:: EXERCISE ::
Skip the pictures and copy all the data that follows exactly.

(Stored dataset items)
_____

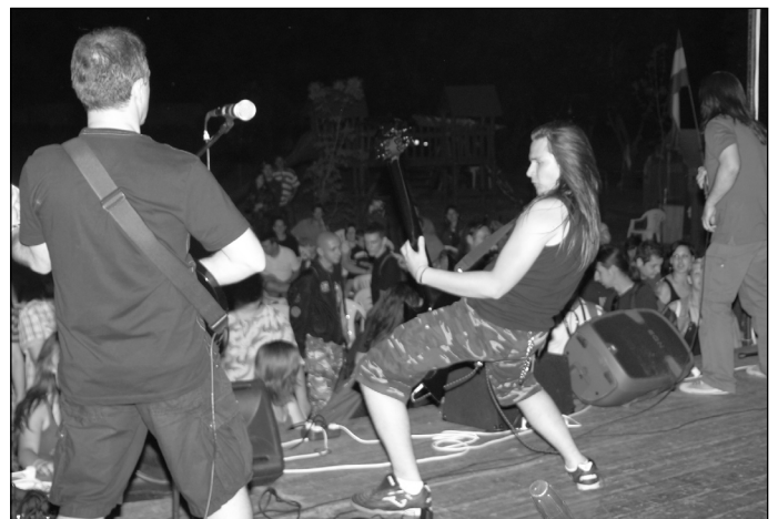
A mezőtúri Magma zenekar tíz éves lett, amelyet a városnapon fergeteges jubileumi koncerttel ünnepelt.
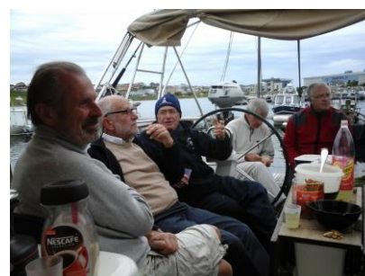
Autour d'un morito éraunisien

Miquelon et Langlade, les sœurs jumelles de l'archipel reliées par un cordon ombilical de 12 kilomètres, un isthme de sable, nous font un appel du pied. Au fil des siècles plus de 600 navires se sont échoués entre les deux îles. Il est dit, qu'ils ont, peut-être, contribué à la formation de cette bande de sable. Les plus courageux font fi du mauvais temps et embarquent à bord du Cabestan . (3) pour fouler une parcelle de ces 200 km 2 prometteuse d'un environnement naturel riche et paisible.
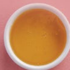
Мед липовый 450 р. подходит для травяных, фруктовых и классических черных чаев.
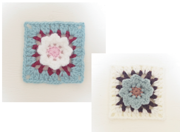
出来上がり寸法 9 cm × 9 cm
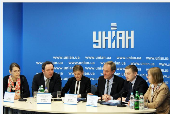
Прес-конференція з нагоди анонсування підтримки ЄС гарячої лінії для внутрішніх переселенців.

Повний текст: http://euukrainecoop.net/2015/03/24/idp-hotline/
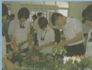
แผนกการชายและการตลาด การจัดดอกไม้สด
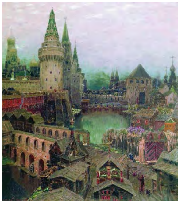
Илл. 12. А.М. Васнецов. «Москва конца XVII столетия. На рассвете у Воскресенских ворот». 1904 г. Х., м., 136,0 x 122,0 см

Своеобразным «прологом» к этому новому направлению в творчестве художника послужила работа над эскизами декораций к опере М.П. Мусоргского: «Хованщина» (1897) [1, с. 6]. Отсюда уже лишь один шаг к одновременно, появившимся в 1900 году большим картинам: «Улица в Китай-городе. Начало XVII века», «Москва середины XVII столетия. Москворецкий мост и Водяные ворота» и «Москва конца XVII столетия. На рассвете у Воскресенских ворот» [1, с. 6] (илл. 11, 12).
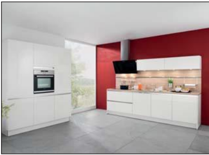
Laminé laqué (Laser Soft, Laser Brillant)

Pour les façades à reproduction, le décor du bois peut être décalé au sein de la façade du meuble. Des réclamations concernant un décalage dans le décor du bois et de la structure ne sont pas justifiées.
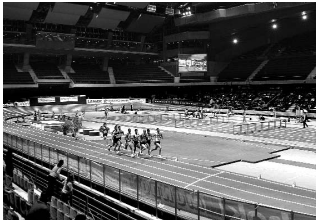
PALACIO DE LOS DEPORTES. Campeonato de España Junior de atletismo celebrado a finales de febrero.

En el terreno medioambiental, la nueva construcción ha
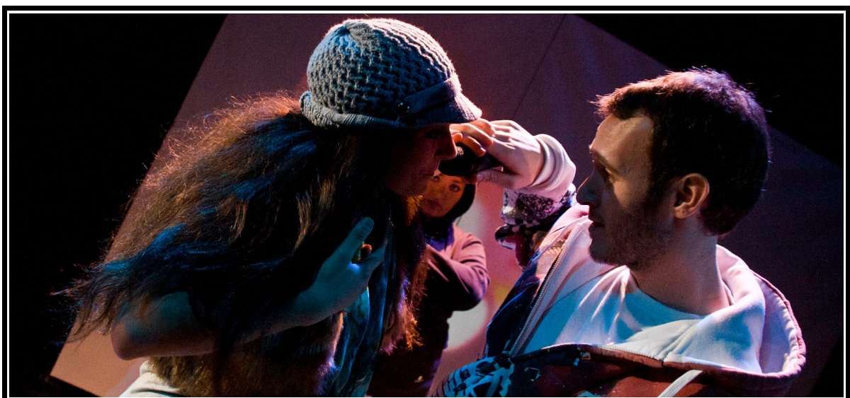
Nise y Laurencio. Escena 1.3. La dama boba , versión para no versados. Compañía Espaciolmaginado
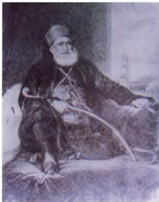
伊斯兰思想家、社会 改革家穆罕默德·阿布杜
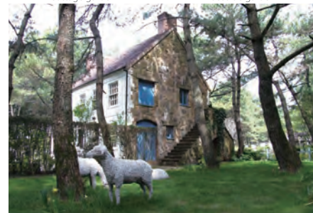
メドウガーデン Meadow garden
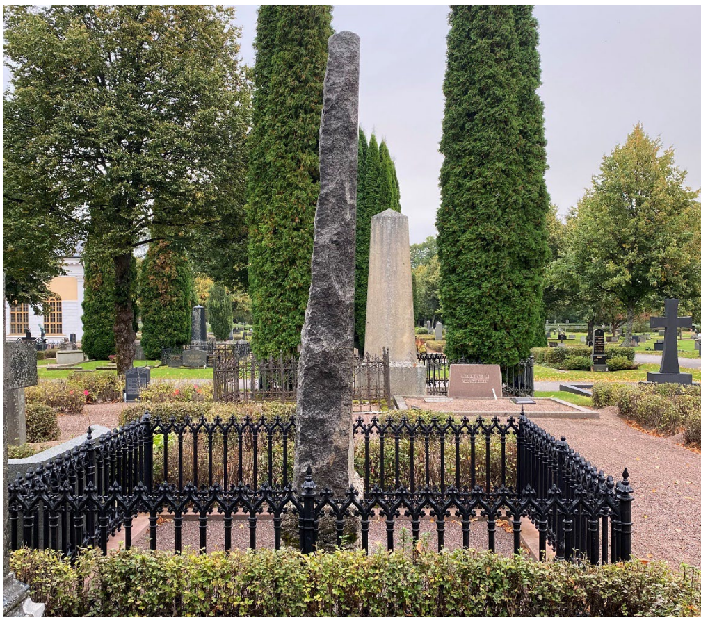
Figur 26. K05 0194 efter åtgärd. Åtgärd av gjutjärnsstaketet krävde mycket svetsarbeten. Stensockeln har riktats. Gravplatsens ursprungliga markbeläggning med grus har återskapats. Från sidan syns tydligt hur gravvården lutar framåt.
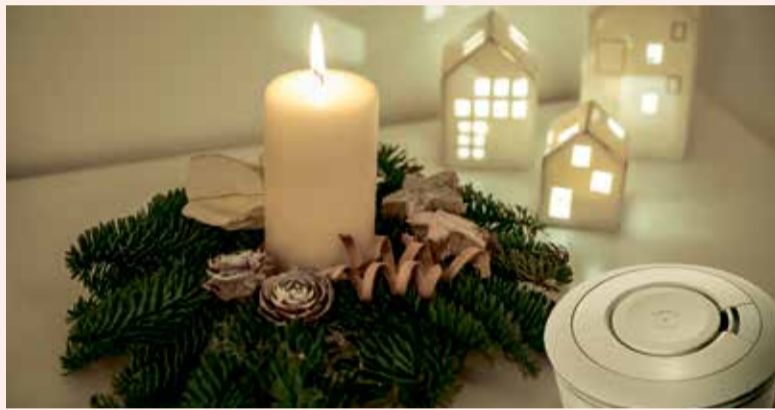
Für eine sicherere Weihnachtszeit empfiehlt es sich, Rauchmelder rechtzeitig zu prüfen.

*Quelle: www.gdv.de/gdv/medien/medieninformationen/advent-weihnachten-braende-statistik-184282
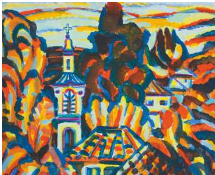
„Черква във Вароша“ м.б., 90x100 см.

Завършил в НХА – София, спец. Живопис. Работи в областта на педагогиката на изобразителното изкуство и живописата.
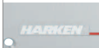
Aluminium bezbarwnie anodowane
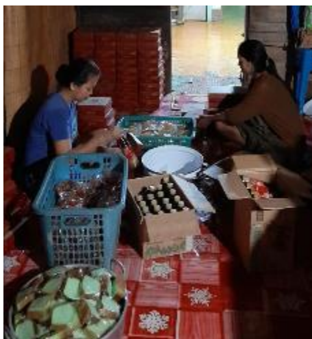
Gambar 4. Pemberdayaan Masyarakat Dalam Berwirausaha

Tujuan pemberdayaan masyarakat dalam kegiatan kengabdian kepada masyarakat terkait kewirausahaan ini agar dapat membuka lapangan pekerjaan, meningkatkan pendapatan serta mengurangi pengangguran.
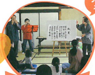
丹波のむかしばなし 語り部サークルによるむかしばなし
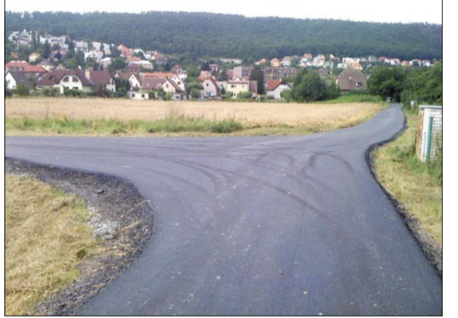
Nová asfaltka pro cyklisty a bruslaře
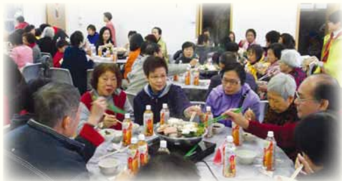
▲ 天氣寒冷，最好就是聚首一齊吃素盆菜。
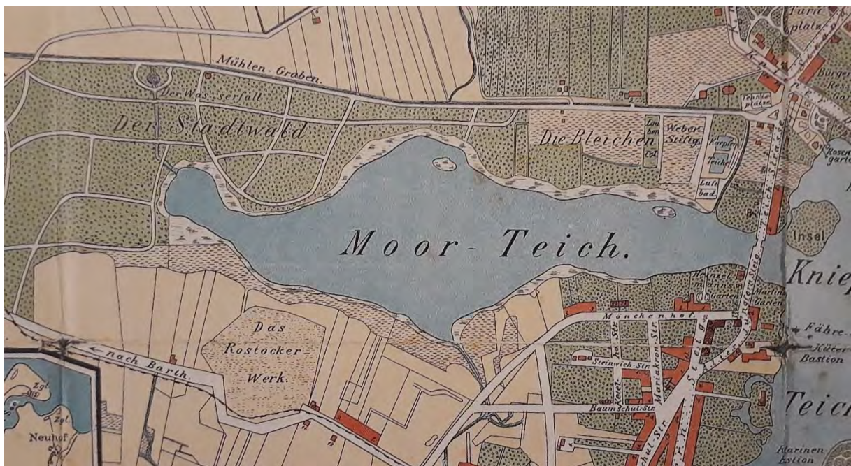
Plan der Stadt Stralsund, 1912

Ursprünglich handelte es sich bei der Anlage des Stadtwaldes um eine 50 ha große bepflanzte Fläche, welche im Laufe der Zeit auf 73 ha erweitert wurde. Ein Stadtplan aus dem Jahr 1912 dokumentiert erstmalig die im Sinne der Bürgerparkbewegung des späten 19. Jahrhunderts als dicht bepflanzter Stadtpark gestaltete Anlage. Die Bereiche westlich und nördlich des Moorteiches sind als Stadtwald bezeichnet und durch ein feingliedriges Wegesystem parkartig angelegt. Ein weit verzweigtes Grabensystem durchzieht die Anlagen.
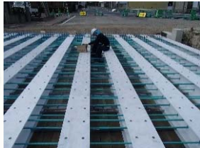
桁下面型枠設置完了
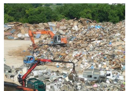
災害廃棄物の仮置場の管理
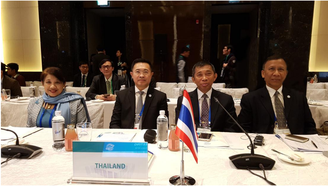
คณะผู้แทนสภานิติบัญญัติแห่งชาติในการประชุมประจำปีรัฐสภาภาคพื้นเอเชียและแปซิฟิก ครั้งที่ ๒๖

_____

:: SOLUTION TO THE PROBLEM ::
A mezőtúri Magma zenekar tíz éves lett, amelyet a városnapon fergeteges jubileumi koncerttel ünnepelt.
Autour d'un morito éraunisien

Miquelon et Langlade, les sœurs jumelles de l'archipel reliées par un cordon ombilical de 12 kilomètres, un isthme de sable, nous font un appel du pied. Au fil des siècles plus de 600 navires se sont échoués entre les deux îles. Il est dit, qu'ils ont, peut-être, contribué à la formation de cette bande de sable. Les plus courageux font fi du mauvais temps et embarquent à bord du Cabestan . (3) pour fouler une parcelle de ces 200 km 2 prometteuse d'un environnement naturel riche et paisible.
Мед липовый 450 р. подходит для травяных, фруктовых и классических черных чаев.
出来上がり寸法 9 cm × 9 cm
Прес-конференція з нагоди анонсування підтримки ЄС гарячої лінії для внутрішніх переселенців.

Повний текст: http://euukrainecoop.net/2015/03/24/idp-hotline/
แผนกการชายและการตลาด การจัดดอกไม้สด
Илл. 12. А.М. Васнецов. «Москва конца XVII столетия. На рассвете у Воскресенских ворот». 1904 г. Х., м., 136,0 x 122,0 см

Своеобразным «прологом» к этому новому направлению в творчестве художника послужила работа над эскизами декораций к опере М.П. Мусоргского: «Хованщина» (1897) [1, с. 6]. Отсюда уже лишь один шаг к одновременно, появившимся в 1900 году большим картинам: «Улица в Китай-городе. Начало XVII века», «Москва середины XVII столетия. Москворецкий мост и Водяные ворота» и «Москва конца XVII столетия. На рассвете у Воскресенских ворот» [1, с. 6] (илл. 11, 12).
Laminé laqué (Laser Soft, Laser Brillant)

Pour les façades à reproduction, le décor du bois peut être décalé au sein de la façade du meuble. Des réclamations concernant un décalage dans le décor du bois et de la structure ne sont pas justifiées.
PALACIO DE LOS DEPORTES. Campeonato de España Junior de atletismo celebrado a finales de febrero.

En el terreno medioambiental, la nueva construcción ha
Nise y Laurencio. Escena 1.3. La dama boba , versión para no versados. Compañía Espaciolmaginado
伊斯兰思想家、社会 改革家穆罕默德·阿布杜
メドウガーデン Meadow garden
Figur 26. K05 0194 efter åtgärd. Åtgärd av gjutjärnsstaketet krävde mycket svetsarbeten. Stensockeln har riktats. Gravplatsens ursprungliga markbeläggning med grus har återskapats. Från sidan syns tydligt hur gravvården lutar framåt.
Für eine sicherere Weihnachtszeit empfiehlt es sich, Rauchmelder rechtzeitig zu prüfen.

*Quelle: www.gdv.de/gdv/medien/medieninformationen/advent-weihnachten-braende-statistik-184282
„Черква във Вароша“ м.б., 90x100 см.

Завършил в НХА – София, спец. Живопис. Работи в областта на педагогиката на изобразителното изкуство и живописата.
Aluminium bezbarwnie anodowane
Gambar 4. Pemberdayaan Masyarakat Dalam Berwirausaha

Tujuan pemberdayaan masyarakat dalam kegiatan kengabdian kepada masyarakat terkait kewirausahaan ini agar dapat membuka lapangan pekerjaan, meningkatkan pendapatan serta mengurangi pengangguran.
丹波のむかしばなし 語り部サークルによるむかしばなし
Nová asfaltka pro cyklisty a bruslaře
▲ 天氣寒冷，最好就是聚首一齊吃素盆菜。
Plan der Stadt Stralsund, 1912

Ursprünglich handelte es sich bei der Anlage des Stadtwaldes um eine 50 ha große bepflanzte Fläche, welche im Laufe der Zeit auf 73 ha erweitert wurde. Ein Stadtplan aus dem Jahr 1912 dokumentiert erstmalig die im Sinne der Bürgerparkbewegung des späten 19. Jahrhunderts als dicht bepflanzter Stadtpark gestaltete Anlage. Die Bereiche westlich und nördlich des Moorteiches sind als Stadtwald bezeichnet und durch ein feingliedriges Wegesystem parkartig angelegt. Ein weit verzweigtes Grabensystem durchzieht die Anlagen.
桁下面型枠設置完了
災害廃棄物の仮置場の管理
คณะผู้แทนสภานิติบัญญัติแห่งชาติในการประชุมประจำปีรัฐสภาภาคพื้นเอเชียและแปซิฟิก ครั้งที่ ๒๖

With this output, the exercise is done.